I recommend that you try to do two things when investigating one of these case studies:
- Analyse the navigation: Note down simple lists of where you can get to from each page using the primary navigation, what location information is provided on each page, and what secondary navigation is provided.
- Evaluate the navigation: Are there too many options or too few from each page? Are the links as clear as possible? Is secondary navigation sufficient? Any general praise or criticism?
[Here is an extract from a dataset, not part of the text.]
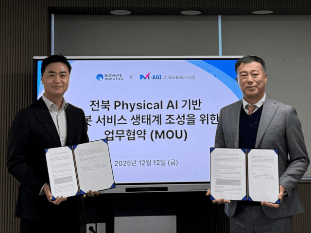 김민교 빅웨이브로보틱스 대표는 “이번 협약은 피지컬 AI 기반 사업 모델의 지역 단위 성공 공식을 확립하는 의미 있는 출발점”이라며 “현장 중심의 실증과 사업화를 통해 로봇 서비스의 실질적 활용 가치와 수익성을 높여 나가겠다”고 밝혔다.
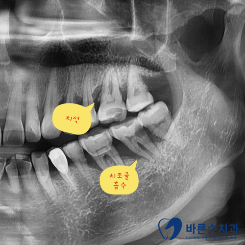 2)치주질환 잇몸 사진은 치석이 보이고 치조골 높이가 낮아지면서 잇몸뼈가 수직으로 흡수된 것이 보입니다.

As usual, my brief answers (which are obviously not perfect) are included by each site, so you may prefer to jump to the site before you read my comments.
Amazon.co.uk
Amazon's top bar of navigation is available everywhere, linking to different areas of the site (books, music, etc.) and to general options (shopping basket, help). Once within the site (for example, looking at a book description), a left bar provides a small amount more primary navigation within the section (to reviews or customer comments for a book, for example). Secondary navigation, apart from the search facility, includes some "highlighted" bestsellers or books "recommended" for a specific user, as well as category links; these are provided on the front page and on section contents pages.
The Java Tutorial
http://java.sun.com/docs/books/tutorial/
This tutorial site contains lots of secondary navigation. A front page links to all lessons, a lesson contents page links to sections within a lesson (sometimes there are subsections with their own contents pages), there is a table of contents for the entire lesson including all subsections etc., and there is a search facility.
Primary navigation contains buttons to the next and previous sections and TOC, links upward in the hierarchy, and a link to the search and feedback facilities.
Larabie Fonts
This site only really has primary navigation. There is a sidebar at the left with links to all sections of the site, which is always visible. Within the alphabetical sections, there are also "back" and "next" buttons to go through the site.
Location information is somewhat nonexistent, partly because the site uses frames.
dmoz open directory project
Primary navigation includes links to information about the site, etc. Location shows you where you are within their hierarchy, and this also works as navigation controls. The front page contains secondary navigation - links to all their major sections and some often-used pages within those sections, a good technique - and all the section pages also contain navigation to subsections etc.
As a directory site, this is basically all navigation, but it's fairly well done.